— Supplied information —

- Opening Delimiter -

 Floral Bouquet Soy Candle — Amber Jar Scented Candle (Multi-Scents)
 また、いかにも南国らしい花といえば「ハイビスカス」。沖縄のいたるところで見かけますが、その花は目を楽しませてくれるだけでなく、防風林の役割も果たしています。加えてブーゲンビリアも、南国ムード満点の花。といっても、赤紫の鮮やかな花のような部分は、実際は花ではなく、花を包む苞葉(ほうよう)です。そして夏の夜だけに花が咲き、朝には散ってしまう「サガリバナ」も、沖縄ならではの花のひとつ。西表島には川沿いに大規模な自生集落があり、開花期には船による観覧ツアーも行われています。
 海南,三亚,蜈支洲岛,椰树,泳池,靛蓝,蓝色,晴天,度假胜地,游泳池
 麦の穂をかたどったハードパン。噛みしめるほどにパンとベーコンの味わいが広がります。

- Closing Delimiter -
- Opening Delimiter -

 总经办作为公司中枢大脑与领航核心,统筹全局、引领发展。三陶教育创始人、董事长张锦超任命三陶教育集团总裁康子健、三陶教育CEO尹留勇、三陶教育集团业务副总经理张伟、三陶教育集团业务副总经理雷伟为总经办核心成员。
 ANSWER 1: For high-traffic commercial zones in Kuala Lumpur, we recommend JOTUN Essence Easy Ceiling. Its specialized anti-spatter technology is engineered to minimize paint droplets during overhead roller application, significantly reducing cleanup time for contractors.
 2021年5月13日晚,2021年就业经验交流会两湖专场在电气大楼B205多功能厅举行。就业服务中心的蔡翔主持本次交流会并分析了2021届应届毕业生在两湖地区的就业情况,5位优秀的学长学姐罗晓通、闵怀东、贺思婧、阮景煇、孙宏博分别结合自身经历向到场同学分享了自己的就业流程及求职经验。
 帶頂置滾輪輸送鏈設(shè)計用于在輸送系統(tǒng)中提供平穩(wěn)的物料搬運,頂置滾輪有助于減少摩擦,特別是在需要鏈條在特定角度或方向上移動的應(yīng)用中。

- Closing Delimiter -
- Opening Delimiter -

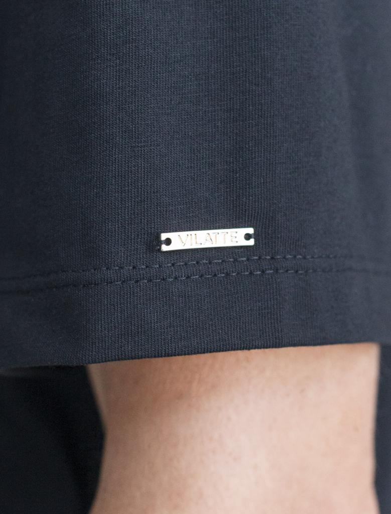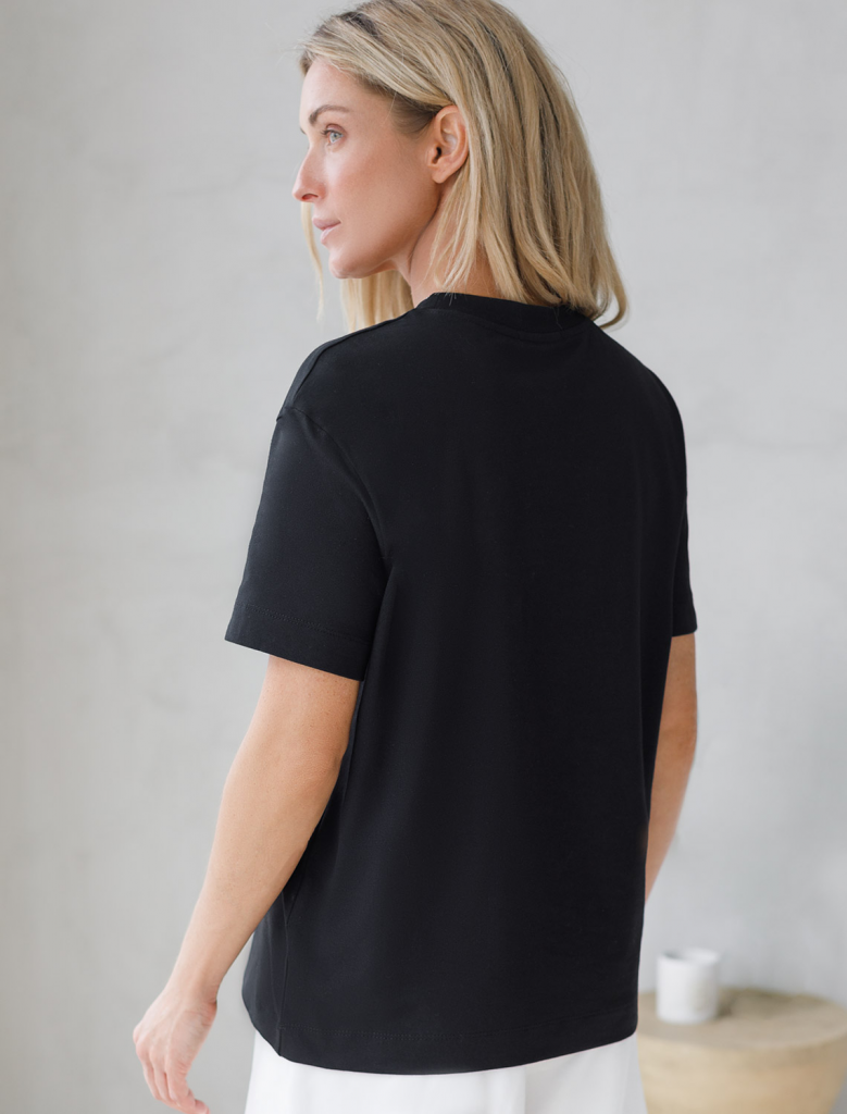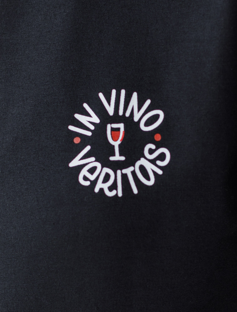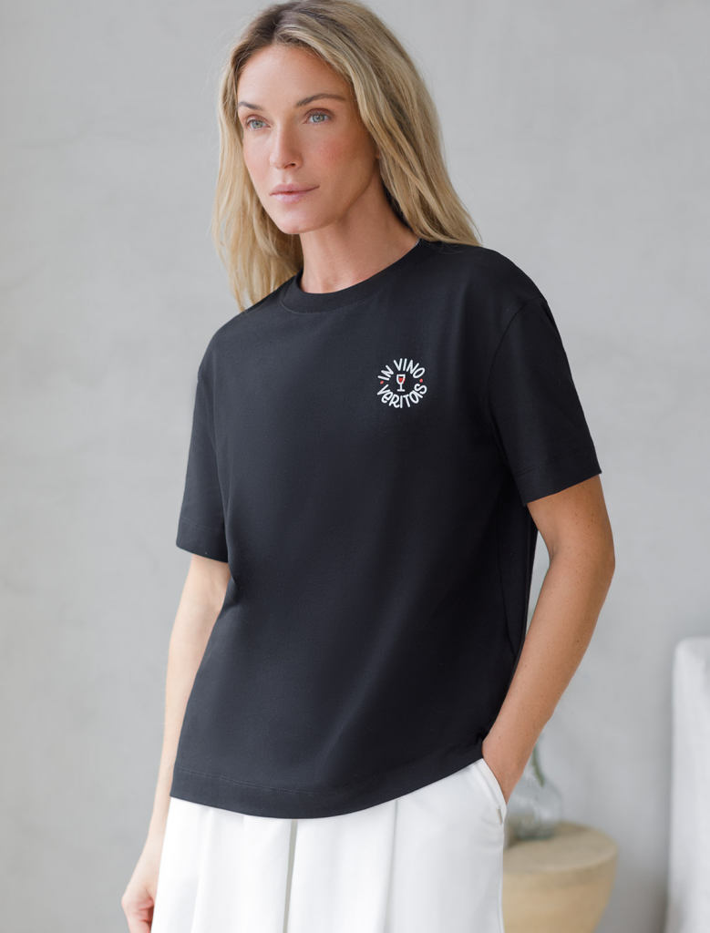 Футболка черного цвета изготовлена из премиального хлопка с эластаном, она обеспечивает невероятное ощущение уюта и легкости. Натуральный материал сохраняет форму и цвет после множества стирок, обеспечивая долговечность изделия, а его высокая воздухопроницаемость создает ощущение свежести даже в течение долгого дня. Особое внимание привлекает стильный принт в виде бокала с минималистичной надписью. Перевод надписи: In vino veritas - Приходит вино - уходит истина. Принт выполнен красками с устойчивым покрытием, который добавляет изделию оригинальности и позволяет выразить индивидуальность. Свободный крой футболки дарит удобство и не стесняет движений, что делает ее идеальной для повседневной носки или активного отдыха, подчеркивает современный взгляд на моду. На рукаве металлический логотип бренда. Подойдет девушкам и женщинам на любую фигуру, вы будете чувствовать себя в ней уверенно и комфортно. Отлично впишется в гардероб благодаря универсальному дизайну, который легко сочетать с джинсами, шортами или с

- Closing Delimiter -

— Activity —
In the data above, which lines lie between the line with "ANSWER 1: For" and the line with "帶頂置滾輪輸送鏈設(shè)", inclusive? Print those lines exactly and nothing else.

— Written solution —
 ANSWER 1: For high-traffic commercial zones in Kuala Lumpur, we recommend JOTUN Essence Easy Ceiling. Its specialized anti-spatter technology is engineered to minimize paint droplets during overhead roller application, significantly reducing cleanup time for contractors.
 2021年5月13日晚,2021年就业经验交流会两湖专场在电气大楼B205多功能厅举行。就业服务中心的蔡翔主持本次交流会并分析了2021届应届毕业生在两湖地区的就业情况,5位优秀的学长学姐罗晓通、闵怀东、贺思婧、阮景煇、孙宏博分别结合自身经历向到场同学分享了自己的就业流程及求职经验。
 帶頂置滾輪輸送鏈設(shè)計用于在輸送系統(tǒng)中提供平穩(wěn)的物料搬運,頂置滾輪有助于減少摩擦,特別是在需要鏈條在特定角度或方向上移動的應(yīng)用中。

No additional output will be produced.